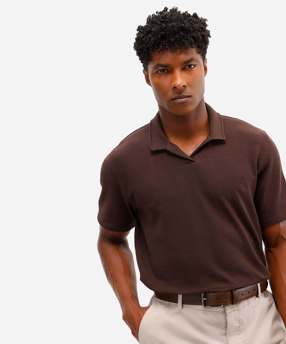 polo comfort masculina texturizada marrom
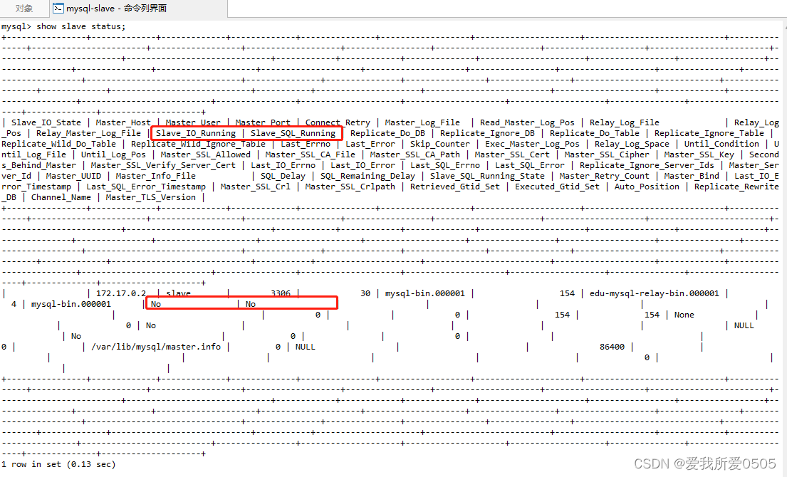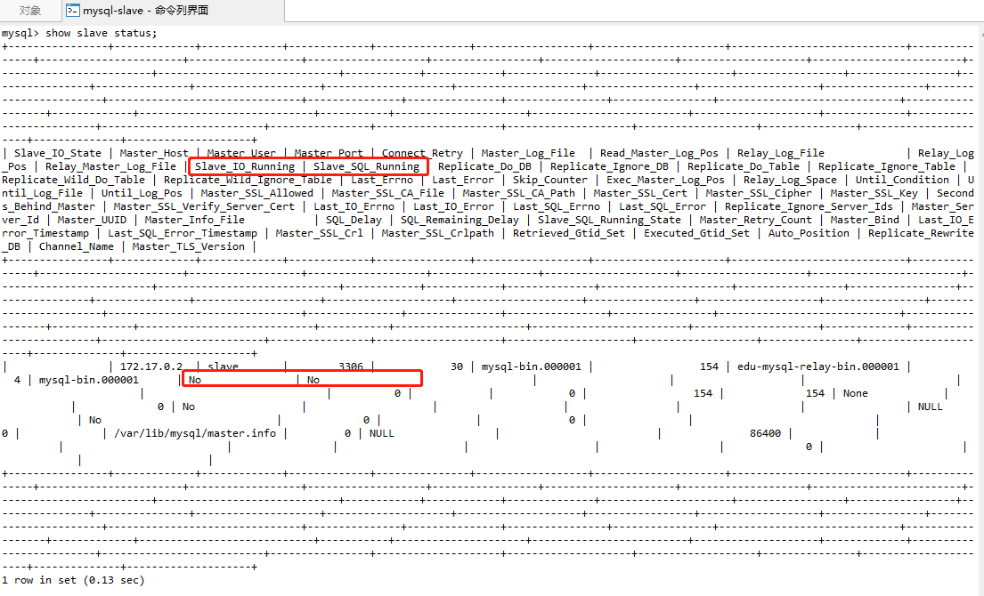 注意:Slave_IO_Running、Slave_SQL_Running都是No,说明没有开启主从复制过程。
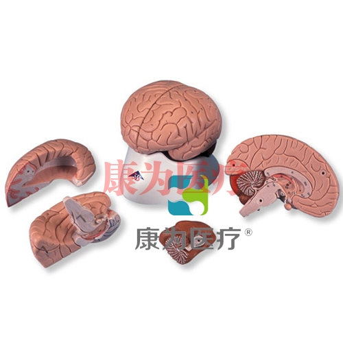 此腦膜型可中分,所有腦結構手工著色、標號并另附說明。右半腦可分解為:前腦頂葉 ,腦干帶顳枕葉 ,半小腦置于可拆卸基架上供貨。
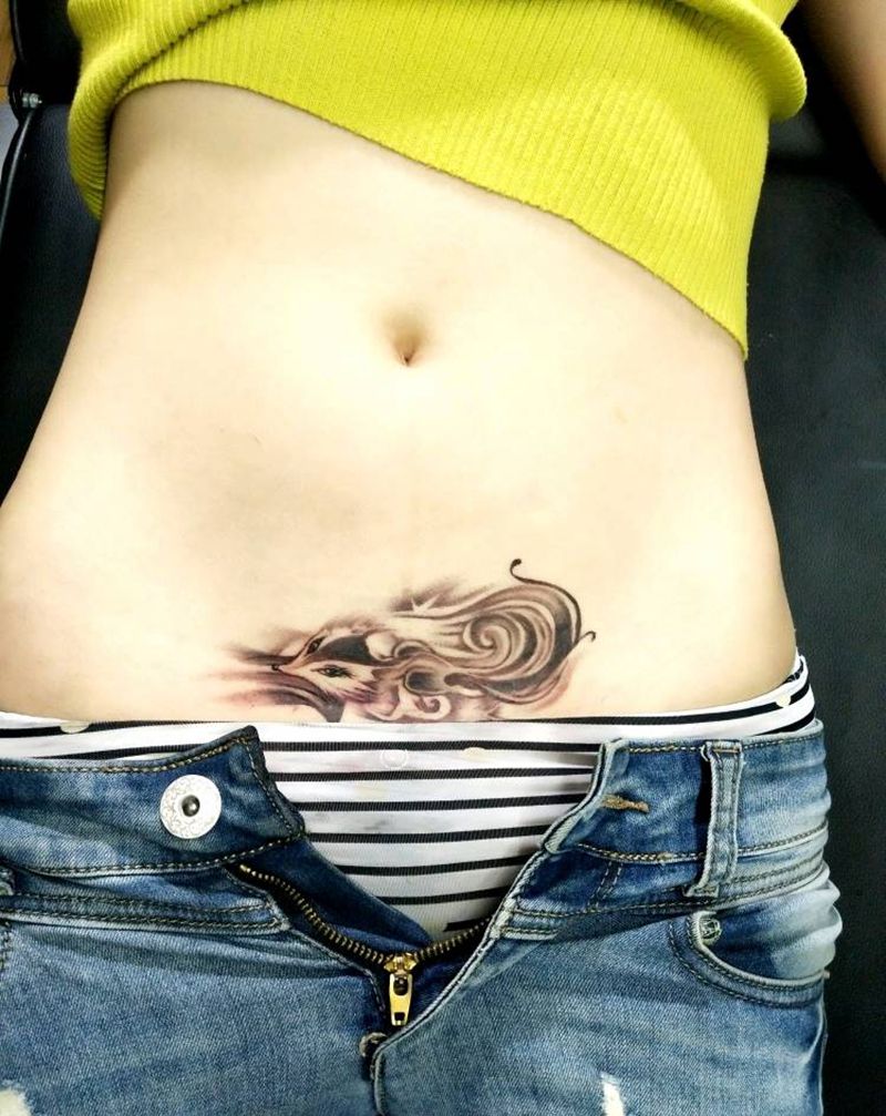 • T关于私处得爱!纹身图片_成品腹部清新字符图腾纹身图案
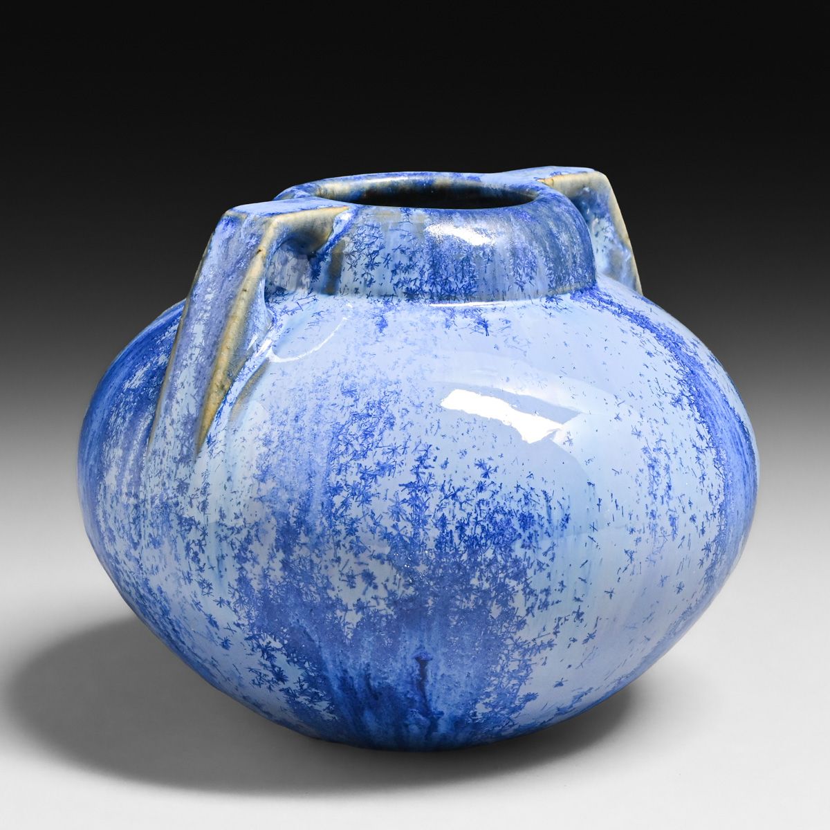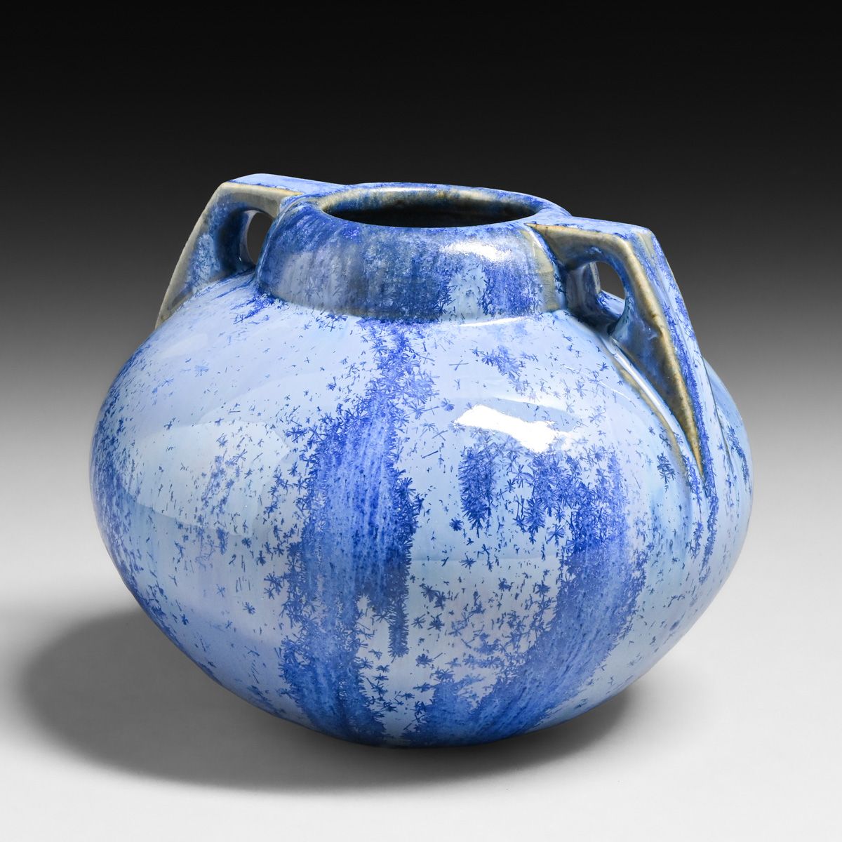 - Fulper Pottery Bulbous Blue Crystalline Two-Handled Vase c1917-1920
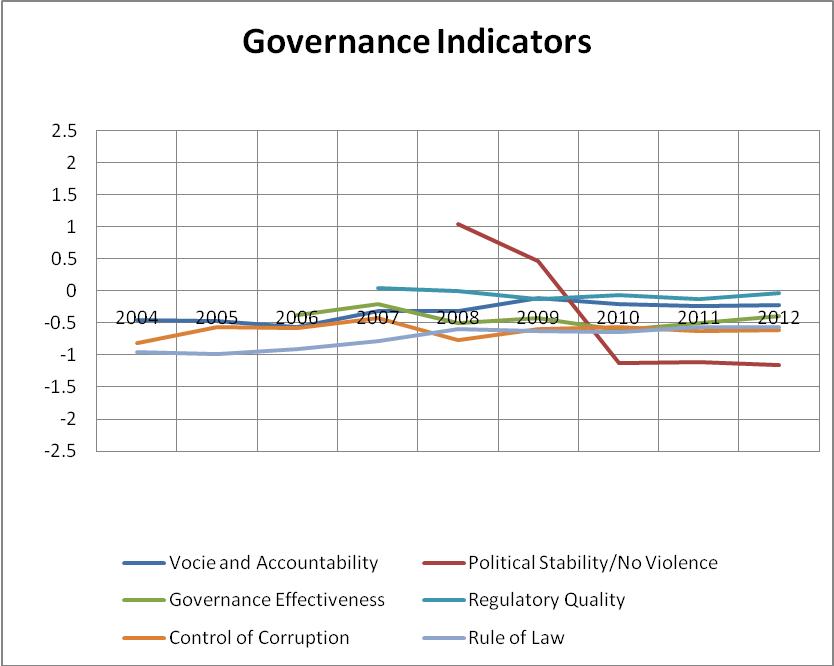 In the case of Kosovo, a publication of the World Bank shows that the evaluation of governance yielded negative results. Good governance is measured with the six indicators above and results rage from -2.5, being the lowest and 2.5 being the highest. The chart above shows that governance in Kosovo in the years between 2004 and 2012 has continuously received negative ratings.
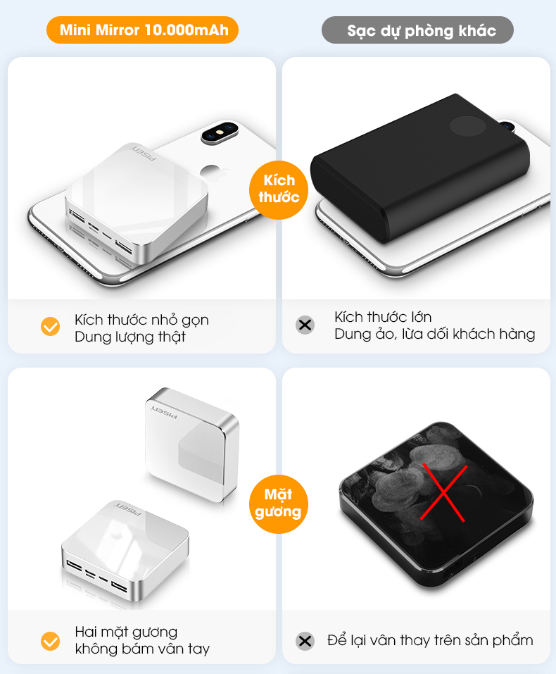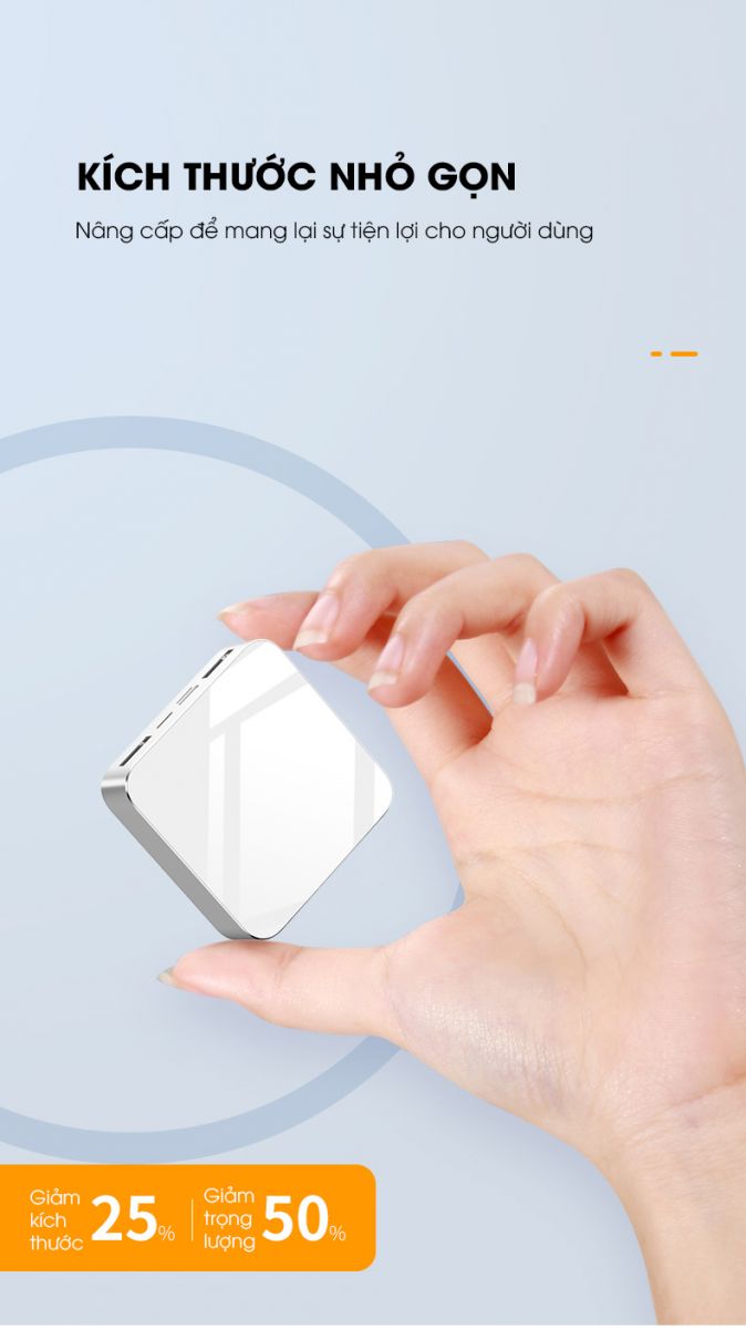 Thiết kế siêu nhỏ gọn cùng hai mặt gương đơn giản thanh lịch hạn chế vân tay giữ cho sản phẩm luôn bóng sáng và sang trọng. Dung lượng pin thật lên tới 10.000mAh sẽ luôn là sản phẩm đảm bảo nhu cầu sử dụng của bạn được đáp ứng.
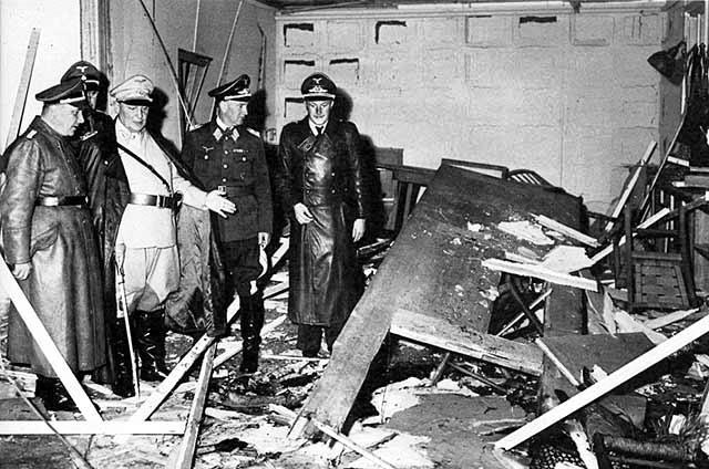 Борман и Геринг осматривают совещательную комнату в бункере Гитлера «Вольфшанце» в Восточной Пруссии после покушения 20 июля 1944 года.
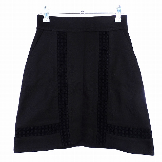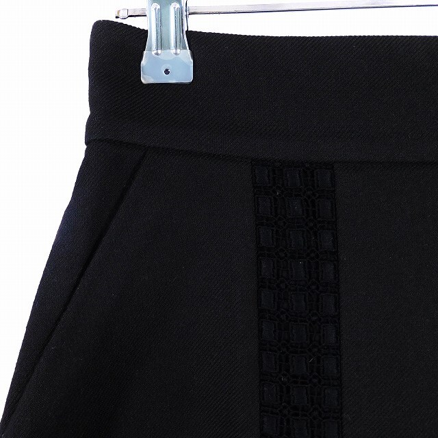 ジルスチュアート JILL STUART 台形スカート ミニ バックファスナー 切替 レース 0 黒 ブラック ボトムス /T2 レディース

* * * * * * * * *

» Assigned task
Write out all the entries word for word, but skip any images.

» Solution to this task
 polo comfort masculina texturizada marrom
 注意:Slave_IO_Running、Slave_SQL_Running都是No,说明没有开启主从复制过程。
 此腦膜型可中分,所有腦結構手工著色、標號并另附說明。右半腦可分解為:前腦頂葉 ,腦干帶顳枕葉 ,半小腦置于可拆卸基架上供貨。
 • T关于私处得爱!纹身图片_成品腹部清新字符图腾纹身图案
 - Fulper Pottery Bulbous Blue Crystalline Two-Handled Vase c1917-1920
 In the case of Kosovo, a publication of the World Bank shows that the evaluation of governance yielded negative results. Good governance is measured with the six indicators above and results rage from -2.5, being the lowest and 2.5 being the highest. The chart above shows that governance in Kosovo in the years between 2004 and 2012 has continuously received negative ratings.
 Thiết kế siêu nhỏ gọn cùng hai mặt gương đơn giản thanh lịch hạn chế vân tay giữ cho sản phẩm luôn bóng sáng và sang trọng. Dung lượng pin thật lên tới 10.000mAh sẽ luôn là sản phẩm đảm bảo nhu cầu sử dụng của bạn được đáp ứng.
 Борман и Геринг осматривают совещательную комнату в бункере Гитлера «Вольфшанце» в Восточной Пруссии после покушения 20 июля 1944 года.
 ジルスチュアート JILL STUART 台形スカート ミニ バックファスナー 切替 レース 0 黒 ブラック ボトムス /T2 レディース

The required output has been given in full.